Ototriton Temporal range: Early Eocene

Scientific classification
- Domain: Eukaryota
- Kingdom: Animalia
- Phylum: Chordata
- Class: Reptilia
- Order: Squamata
- Clade: Amphisbaenia
- Family: Rhineuridae
- Genus: †Ototriton Loomis, 1919
- Type species: †Ototriton solidus Loomis, 1919

= Ototriton =

Extinct genus of lizards

Ototriton is an extinct genus of rhineurid amphisbaenian or worm lizard from the Early Eocene of the western United States, including the type and only species Ototriton solidus. Paleontologist F. B. Loomis named Ototriton in 1919 on the basis of a single skull from the Wind River Formation in Wyoming, misinterpreting it as the skull of a salamander.
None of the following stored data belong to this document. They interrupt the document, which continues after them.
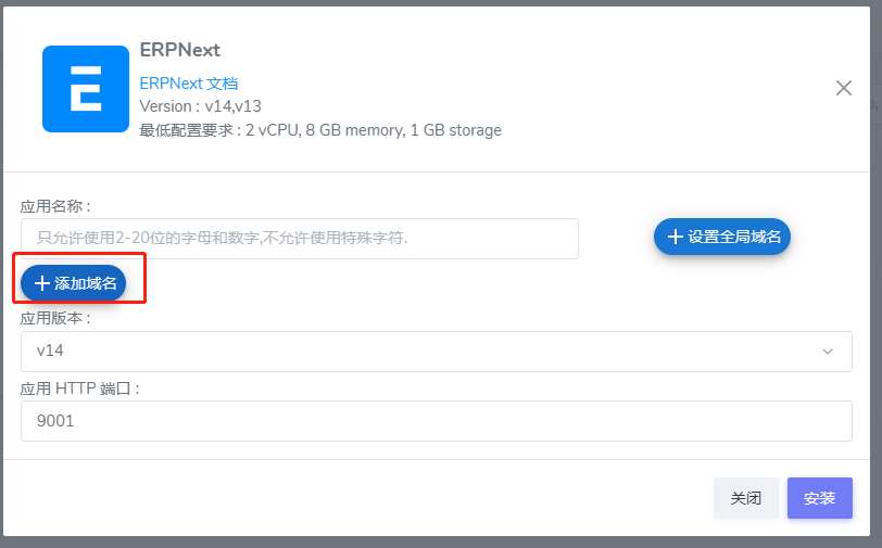 进入应用的 安装 界面后,点击 +添加域名 按钮 ,填写解析的子域名,例如: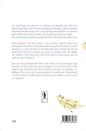 Un soleil qui ne veut pas se coucher, un glouton qui boit une infusion de Voie lactée ou un mouton qui échange sa laine contre la fourrure d'un lama, tout cela n'est pas bien grave quand il y a l'amour, deux mains l'une dans l'autre, une maison qui nous accueille. Des poèmes pour petits et grands, qui font voir le monde autrement.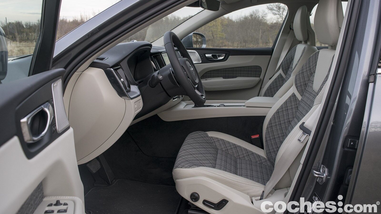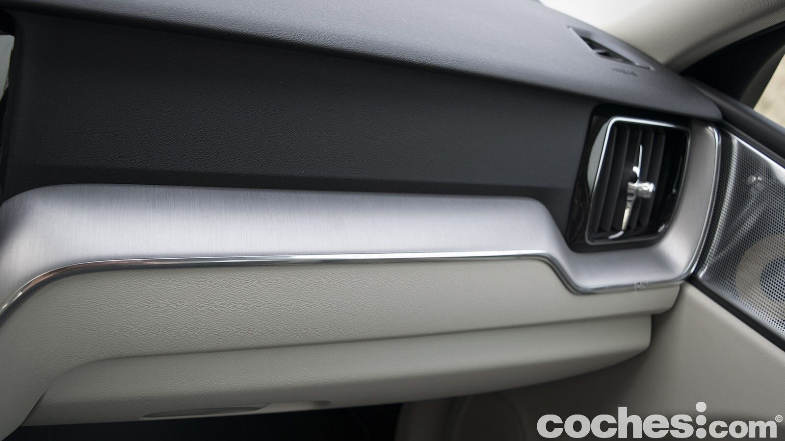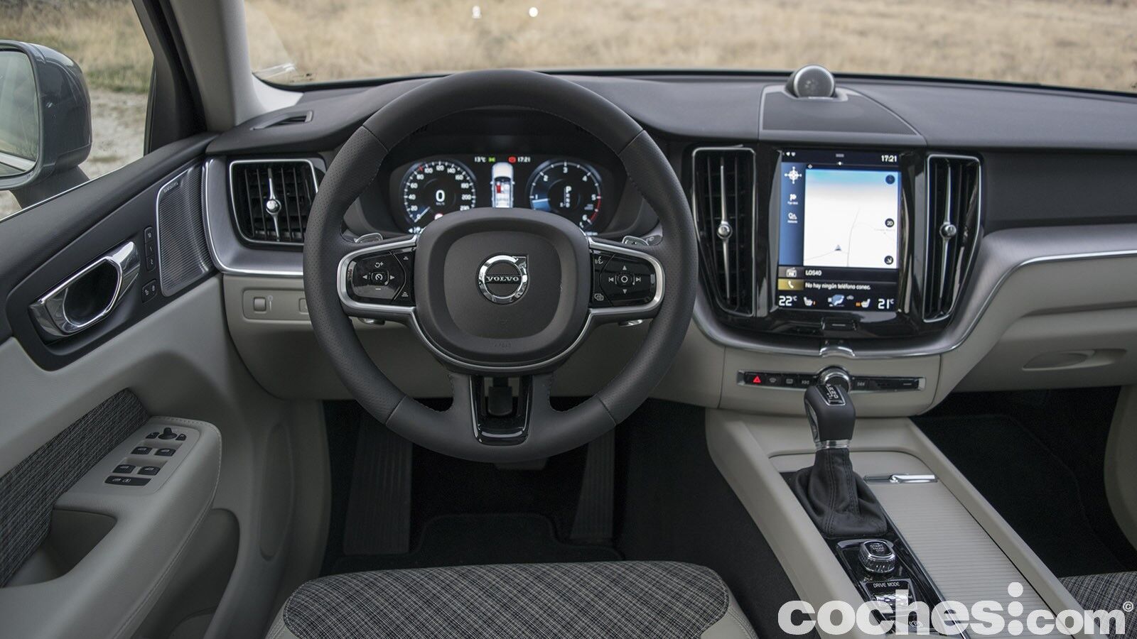 Porque hay que destacar que el cuidado por detalles es muy elevado en este Volvo XC60. Los suecos, sin duda, entran en el podium en cuanto al buen hacer de sus interiores. En este caso no podía ser menos y, a pesar de contar con el acabado básico, destaca en este apartado. Aunque tiene un aspecto peculiar la tapicería de tela tiene un tacto sobresaliente, las inserciones metálicas le dan un toque distintivo y los plásticos que aparecen son blandos y agradables al tacto. Incluso las alfombrillas tienen una anchura y mullido distinguidos.

Unlike salamanders and like other rhineurids, Ototriton has a shovel-shaped snout that it presumably used for burrowing underground. Ototriton is one of the earliest known rhineurids and also one of the largest.

Several other species have been assigned to Ototriton since Loomis named the genus in 1919. In 1928, paleontologist Charles W. Gilmore assigned a vertebra from the Bridger Formation of Wyoming, first classified as Glyptosaurus anceps, to Ototriton based on its large size, but later attributed it to the snake Lestophis crassus. In 1945, Gilmore and G. I. Jepsen named a new species of Ototriton, O. minor, on the basis of another skull from the Wind River Formation, distinguishing it from O. solidus on the basis of its smaller size. O. minor was later classified as its own genus, Jepsibaena. The most recent study to consider the specimen places it in the species Protorhineura hatcherii.